Don Néstor su ministerio es para gente escogida por Dios y aunque quizás usted no lo vea esta por todo el mundo, lo que usted hace todos los días es la verdad que Jesucristo predico y que no todos aceptan, yo en mi vida diaria estoy tratando también de comenzar a sembrar en el campo con la ayuda del Espiritusanto, aunque no es mucho comparado con lo que usted tiene en su página, me siento satisfecho y creo que Jesús nos da estas palabras de aliento muy importantes en nuestras vidas.
Marcos 12:43-44 (NVI)
43 Jesús llamó a sus discípulos y les dijo: «Les aseguro que esta viuda pobre ha echado en el tesoro más que todos los demás.44 Éstos dieron de lo que les sobraba; pero ella, de su pobreza, echó todo lo que tenía, todo su sustento.»

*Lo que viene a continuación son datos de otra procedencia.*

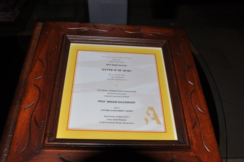 ביום רביעי האחרון התכנסו מאות מרצים, מתרגמים, בני משפחה, חברים וסטודנטים לשעבר כדי לחלוק כבוד לפרופ' מרים שלזינגר. את האירוע יזמה שרה ירקוני, חברת ועד בהווה ויו"ר האגודה בדימוס, ובתכנונו סייעו לה גם אלן קליימן ופסקל אמוזיג-בוקספן, יו"ר אגודת המתרגמים בהווה. הרעיון היה מצוין והביצוע היה נהדר. לא בכל יום מתקיים אירוע נוצץ שכזה בעולם התרגום בארצנו הקטנטונת.

Por más pequeños o pobres que nos sintamos para nuestro Señor es grande si lo hacemos de acuerdo a su voluntad, a usted lo respeto muchísimo y lo admiro por ese gran trabajo que ha hecho en la obra del Señor y si ese alimento con el cual usted nos ha proveído durante estos años no fuéramos lo que hoy comenzamos a ser, creo que tenemos que seguir adelante con la obra que Jesucristo nos ha encomendado no importa de qué tamaño sea o a quienes lleguemos, lo importante es expandir el reino de Dios paso a paso, letra por letra y testimonio por testimonio imitando a nuestro Señor Jesucristo.